东西伯利亚陆架作为全球最为宽浅的陆架之一,在全球变暖和北极快速变化背景下,受海冰减少、冻土退化、径流增加和海岸侵蚀加剧等因素的影响,该区沉积有机碳的来源、输运和埋藏发生着显著变化,且不同地区之间差异显著。东西伯利亚海西部和拉普捷夫海沉积有机碳以陆源贡献为主,海岸侵蚀作用提高了冻土碳的入海通量,对气候变化具正反馈效应;楚科奇海具有较高的有机碳埋藏效率,季节性海冰变化对有机碳的源汇有直接的影响。受沉积水动力作用影响,陆源沉积有机碳从勒拿河河口输运到陆架边缘需3 000~4 000年,不同类型有机碳存在显著的分异和降解。陆架有机碳埋藏具有显著的时空差异,大量高活性的冻土碳由陆向海的快速沉积对于北极土壤碳库的稳定性、水生环境有机碳的矿化及CO2的排放等方面具有重要的意义。今后该区的研究应加强综合地球化学指标和典型有机分子碳同位素等手段的应用,开展区域对比研究,重视海冰过程与有机碳源汇的联系,结合区域碳循环多模型集成,从现代过程与地质记录、替代指标与数值模拟相结合的角度去认识不同时间尺度快速气候变化下的有机碳源汇格局及其气候环境效应。

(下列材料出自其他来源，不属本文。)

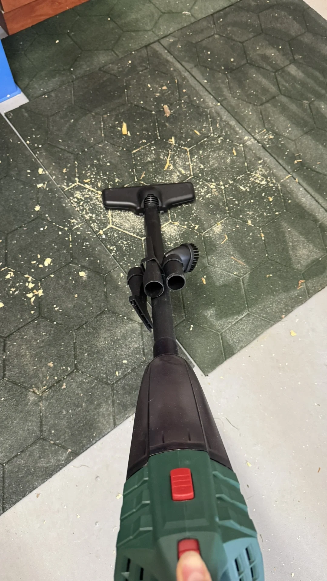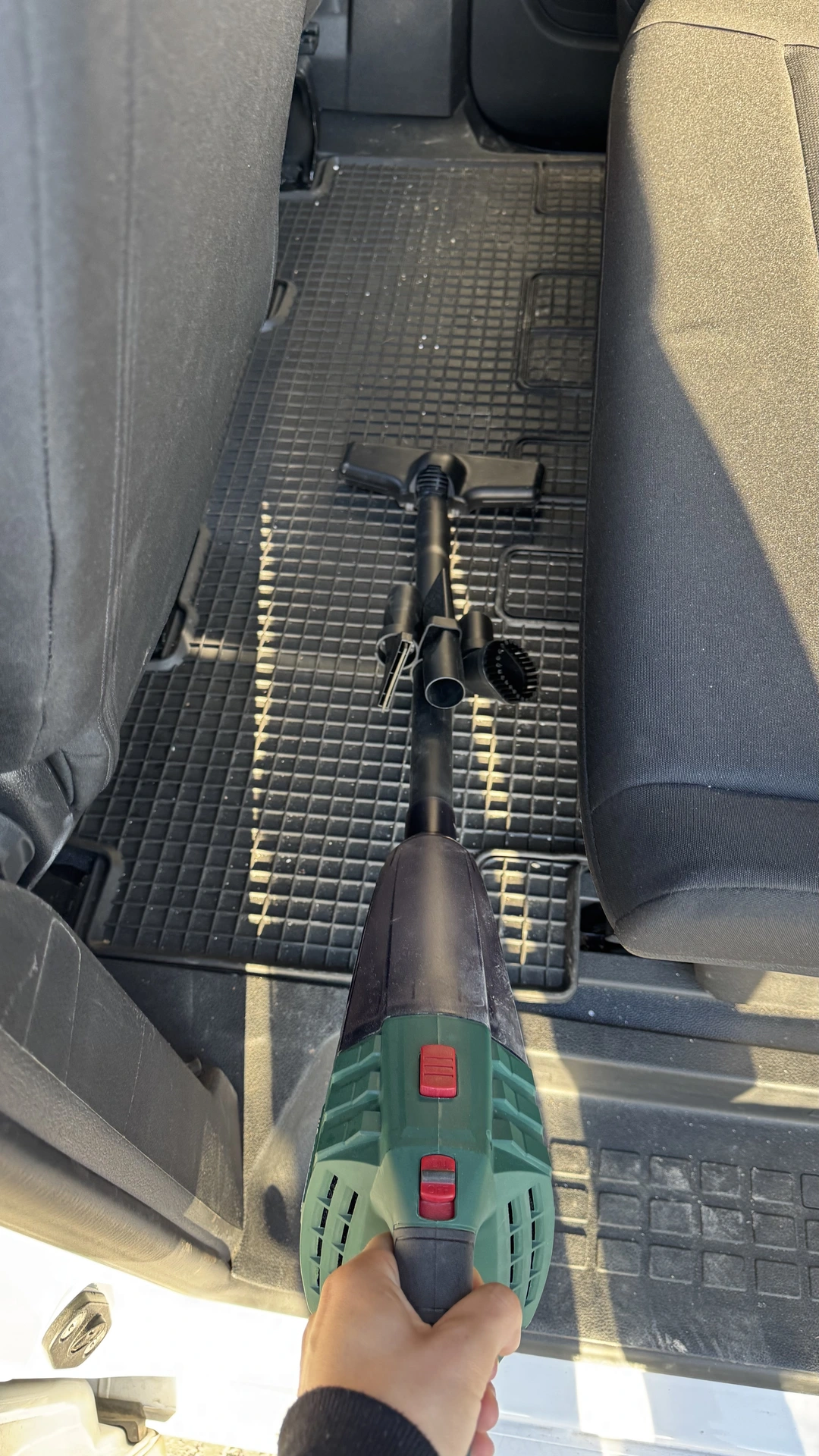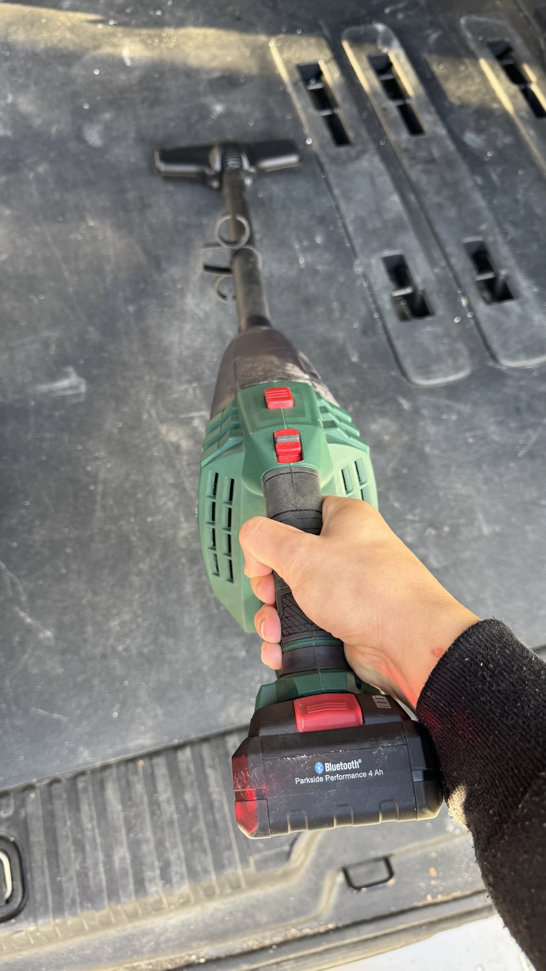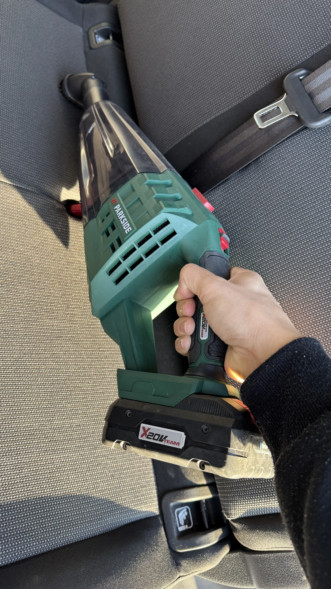 Následně jsem s Parkside PHSSA 20-Li D2 vysála část bytu s tvrdými podlahami, silně zaprášený koberec na půdě, kde se nacházely i kousky polystyrenu, poté celý automobil a nakonec piliny a prach z podlahy garáže.

关键词: 沉积有机碳源汇海冰冻土碳北极东西伯利亚陆架气候变化    
Abstract:

The East Siberian Arctic Shelf (ESAS) is one of the widest and shallowest continental shelves in the world. In the context of the global warming and rapid Arctic changes, the sources, transport and burial of sedimentary Organic Carbon (OC) in this area have experienced significant changes with spatial heterogeneity, which could be related to the sea-ice reduction, permafrost degradation, increased runoff and intensified coastal erosion. The sedimentary OC is mainly contributed by Terrestrial Organic Carbon (TerrOC) in the western East Siberian Sea and the Laptev Sea, and the coastal erosion increases the flux of Permafrost Carbon (PF/C) with a positive climate feedback effect. The Chukchi Sea has high organic carbon burial efficiency, where the seasonal variation of sea ice has direct effect on the source and sink of OC. Under the influence of hydrodynamic sorting, the cross-shelf transport times of TerrOC from the Lena estuary to the shelf edge requires approximately 3 000~4 000 years, by coupling with a significant geochemical differentiation and degradation. There existed spatio-temporal variation for the OC burial on the ESAS, and the large amount and rapid deposition of highly-reactive PF/C from the land to the sea could have important significance for the Arctic soil carbon, the OC mineralization in the aquatic environment, and CO2 outgassing. The following research should strengthen the application of the comprehensive geochemical indices and the compound-specific isotope method, emphasizing the relation between the sea-ice and the sources and sink of the OC. By coupling with the models of regional carbon cycle, we should emphasize the integration of the modern process and geological records, proxy records with the numerical simulation, which is necessary to better understand the sources and sink of sedimentary OC and the climate and environmental effect from the varied timescales.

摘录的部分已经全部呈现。